##### Provided data

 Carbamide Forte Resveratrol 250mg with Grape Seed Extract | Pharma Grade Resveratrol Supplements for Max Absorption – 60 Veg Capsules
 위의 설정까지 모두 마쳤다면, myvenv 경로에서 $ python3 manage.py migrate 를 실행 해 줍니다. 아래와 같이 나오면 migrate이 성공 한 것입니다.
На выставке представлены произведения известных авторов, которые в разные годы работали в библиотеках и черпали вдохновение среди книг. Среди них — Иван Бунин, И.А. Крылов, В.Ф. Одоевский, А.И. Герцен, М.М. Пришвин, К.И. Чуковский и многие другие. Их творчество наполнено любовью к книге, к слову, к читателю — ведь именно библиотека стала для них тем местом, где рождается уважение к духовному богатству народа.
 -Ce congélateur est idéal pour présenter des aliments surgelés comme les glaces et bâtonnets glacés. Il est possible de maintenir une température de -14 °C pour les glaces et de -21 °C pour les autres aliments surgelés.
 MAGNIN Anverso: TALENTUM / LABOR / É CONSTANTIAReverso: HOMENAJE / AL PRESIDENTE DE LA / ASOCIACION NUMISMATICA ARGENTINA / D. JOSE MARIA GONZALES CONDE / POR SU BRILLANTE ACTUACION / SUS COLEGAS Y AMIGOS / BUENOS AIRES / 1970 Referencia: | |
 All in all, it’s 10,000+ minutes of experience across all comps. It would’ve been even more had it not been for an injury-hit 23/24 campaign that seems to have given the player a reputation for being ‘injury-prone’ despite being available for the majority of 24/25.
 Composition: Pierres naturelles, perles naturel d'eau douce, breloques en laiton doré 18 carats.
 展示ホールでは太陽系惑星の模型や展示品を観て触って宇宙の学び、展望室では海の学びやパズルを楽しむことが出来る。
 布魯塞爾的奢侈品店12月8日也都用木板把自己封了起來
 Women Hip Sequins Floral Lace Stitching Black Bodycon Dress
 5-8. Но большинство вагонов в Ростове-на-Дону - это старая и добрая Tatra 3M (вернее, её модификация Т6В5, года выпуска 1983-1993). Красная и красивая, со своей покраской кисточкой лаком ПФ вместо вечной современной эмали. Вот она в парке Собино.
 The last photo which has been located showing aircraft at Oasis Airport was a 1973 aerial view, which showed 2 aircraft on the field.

##########

(Work task): Determine the count of lines that include the word "been" in the listing, and state nothing but that count.

(Problem solution): 2